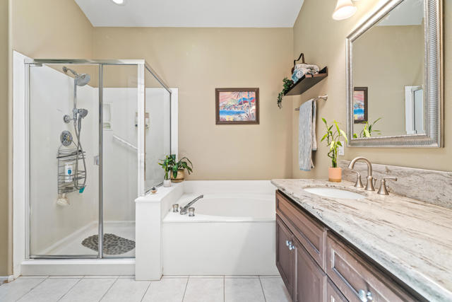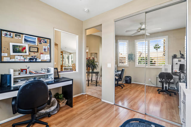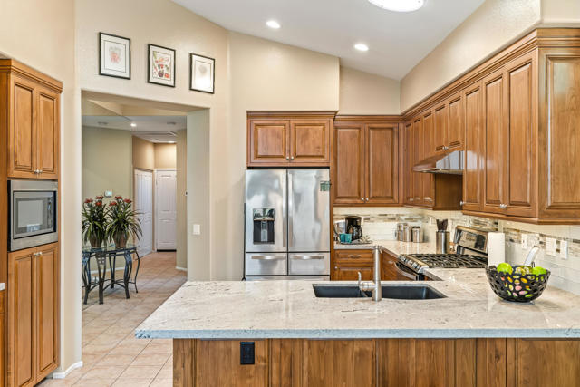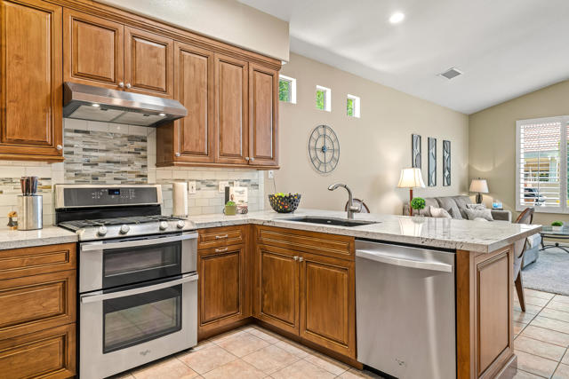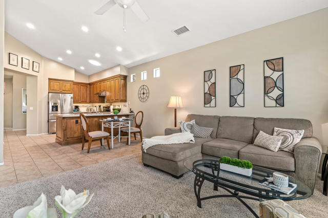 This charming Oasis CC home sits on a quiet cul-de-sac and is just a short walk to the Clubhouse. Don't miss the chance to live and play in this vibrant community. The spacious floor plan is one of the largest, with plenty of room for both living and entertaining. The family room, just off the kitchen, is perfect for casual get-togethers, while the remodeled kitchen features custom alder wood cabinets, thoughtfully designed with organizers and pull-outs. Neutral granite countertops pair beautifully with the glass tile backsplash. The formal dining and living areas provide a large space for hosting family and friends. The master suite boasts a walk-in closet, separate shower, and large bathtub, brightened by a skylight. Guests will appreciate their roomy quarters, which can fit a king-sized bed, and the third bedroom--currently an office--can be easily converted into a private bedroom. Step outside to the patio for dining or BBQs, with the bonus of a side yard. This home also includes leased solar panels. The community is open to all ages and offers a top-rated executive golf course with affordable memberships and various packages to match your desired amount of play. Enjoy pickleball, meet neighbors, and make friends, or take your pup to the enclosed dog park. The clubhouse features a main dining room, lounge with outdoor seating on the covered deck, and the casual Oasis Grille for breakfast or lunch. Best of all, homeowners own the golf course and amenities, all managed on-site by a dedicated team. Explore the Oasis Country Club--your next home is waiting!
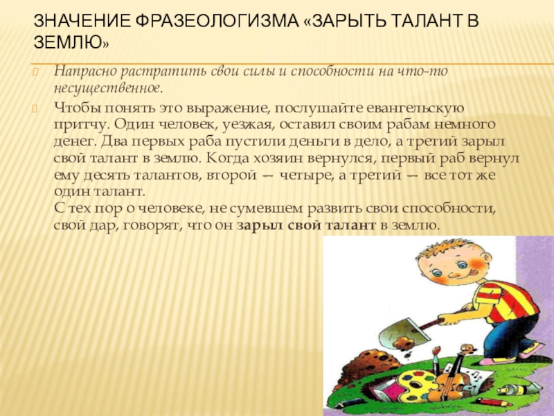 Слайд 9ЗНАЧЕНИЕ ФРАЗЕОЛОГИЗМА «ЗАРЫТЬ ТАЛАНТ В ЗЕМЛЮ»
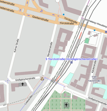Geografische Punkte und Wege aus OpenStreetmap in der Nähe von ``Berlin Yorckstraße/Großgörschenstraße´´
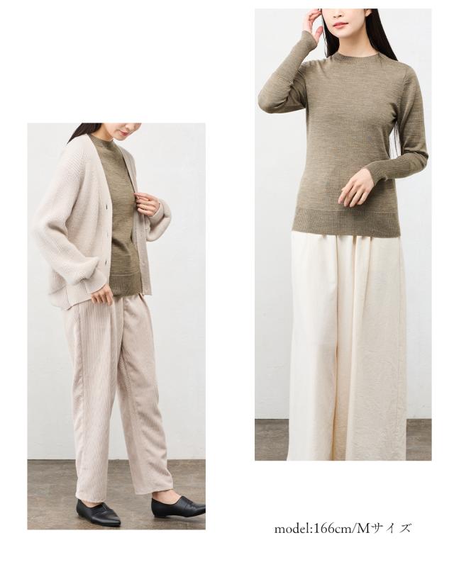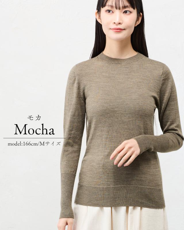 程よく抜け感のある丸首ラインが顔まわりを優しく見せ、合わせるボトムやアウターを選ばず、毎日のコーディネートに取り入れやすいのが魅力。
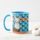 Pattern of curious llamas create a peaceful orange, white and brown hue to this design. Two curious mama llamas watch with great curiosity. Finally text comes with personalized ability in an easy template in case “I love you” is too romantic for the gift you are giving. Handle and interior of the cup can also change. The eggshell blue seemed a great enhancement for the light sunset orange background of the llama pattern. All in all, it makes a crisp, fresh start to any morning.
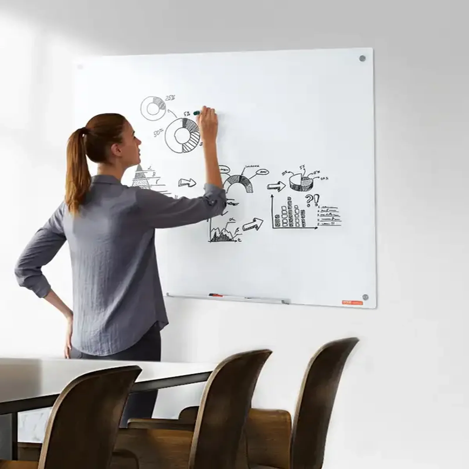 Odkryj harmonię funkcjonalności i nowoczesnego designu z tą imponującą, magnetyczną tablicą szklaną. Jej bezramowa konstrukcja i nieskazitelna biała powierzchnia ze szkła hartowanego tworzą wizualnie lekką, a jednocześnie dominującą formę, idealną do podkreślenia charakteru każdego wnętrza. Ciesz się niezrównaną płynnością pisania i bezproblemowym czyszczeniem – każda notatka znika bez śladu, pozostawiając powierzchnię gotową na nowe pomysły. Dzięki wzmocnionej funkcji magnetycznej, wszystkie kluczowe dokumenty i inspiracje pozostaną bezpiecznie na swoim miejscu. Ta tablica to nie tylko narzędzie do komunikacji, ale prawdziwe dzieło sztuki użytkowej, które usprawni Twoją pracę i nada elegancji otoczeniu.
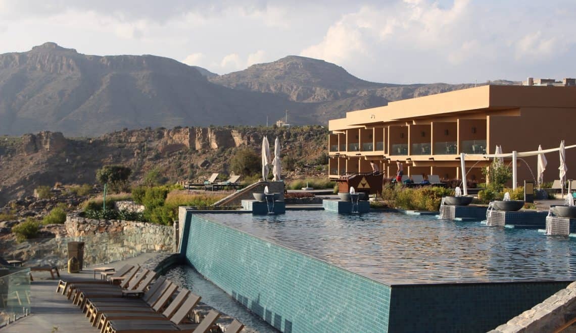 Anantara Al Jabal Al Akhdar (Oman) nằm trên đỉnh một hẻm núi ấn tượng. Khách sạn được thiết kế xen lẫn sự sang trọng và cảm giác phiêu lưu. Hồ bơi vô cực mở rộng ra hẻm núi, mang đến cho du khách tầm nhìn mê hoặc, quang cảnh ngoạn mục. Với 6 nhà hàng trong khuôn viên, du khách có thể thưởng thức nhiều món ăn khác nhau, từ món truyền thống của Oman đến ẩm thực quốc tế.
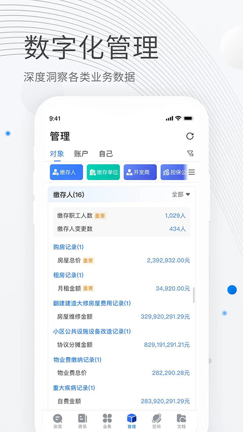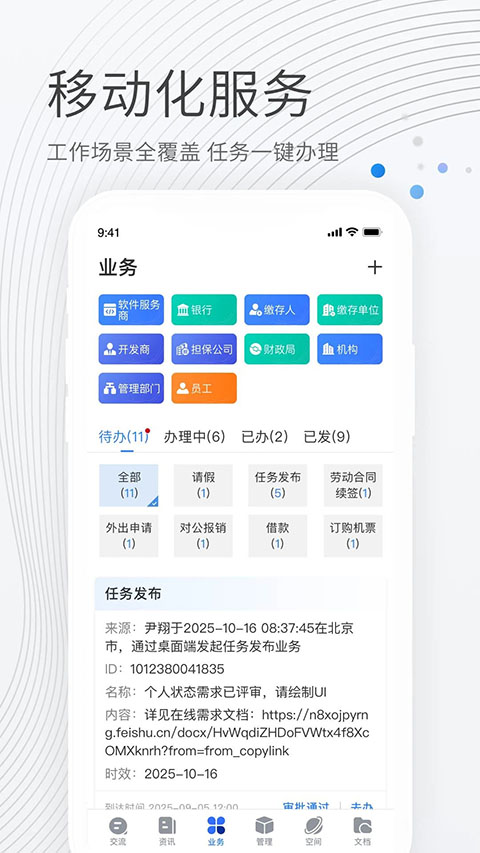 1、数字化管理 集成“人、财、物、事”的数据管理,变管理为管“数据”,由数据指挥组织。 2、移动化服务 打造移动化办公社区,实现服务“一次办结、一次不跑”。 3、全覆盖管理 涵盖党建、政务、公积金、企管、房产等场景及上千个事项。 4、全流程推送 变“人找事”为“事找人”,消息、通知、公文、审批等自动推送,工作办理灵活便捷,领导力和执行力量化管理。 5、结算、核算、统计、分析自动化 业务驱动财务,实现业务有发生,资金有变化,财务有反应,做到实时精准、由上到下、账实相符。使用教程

━━━━━━━━

## Exercise brief
Where a picture appears in the records above, omit it, and transcribe exactly the stretch of lines from the one with "程よく抜け感のある丸首ライン" through the one with "Odkryj harmonię funkcjonalności".

## Result for this exercise
 程よく抜け感のある丸首ラインが顔まわりを優しく見せ、合わせるボトムやアウターを選ばず、毎日のコーディネートに取り入れやすいのが魅力。
 Pattern of curious llamas create a peaceful orange, white and brown hue to this design. Two curious mama llamas watch with great curiosity. Finally text comes with personalized ability in an easy template in case “I love you” is too romantic for the gift you are giving. Handle and interior of the cup can also change. The eggshell blue seemed a great enhancement for the light sunset orange background of the llama pattern. All in all, it makes a crisp, fresh start to any morning.
 Odkryj harmonię funkcjonalności i nowoczesnego designu z tą imponującą, magnetyczną tablicą szklaną. Jej bezramowa konstrukcja i nieskazitelna biała powierzchnia ze szkła hartowanego tworzą wizualnie lekką, a jednocześnie dominującą formę, idealną do podkreślenia charakteru każdego wnętrza. Ciesz się niezrównaną płynnością pisania i bezproblemowym czyszczeniem – każda notatka znika bez śladu, pozostawiając powierzchnię gotową na nowe pomysły. Dzięki wzmocnionej funkcji magnetycznej, wszystkie kluczowe dokumenty i inspiracje pozostaną bezpiecznie na swoim miejscu. Ta tablica to nie tylko narzędzie do komunikacji, ale prawdziwe dzieło sztuki użytkowej, które usprawni Twoją pracę i nada elegancji otoczeniu.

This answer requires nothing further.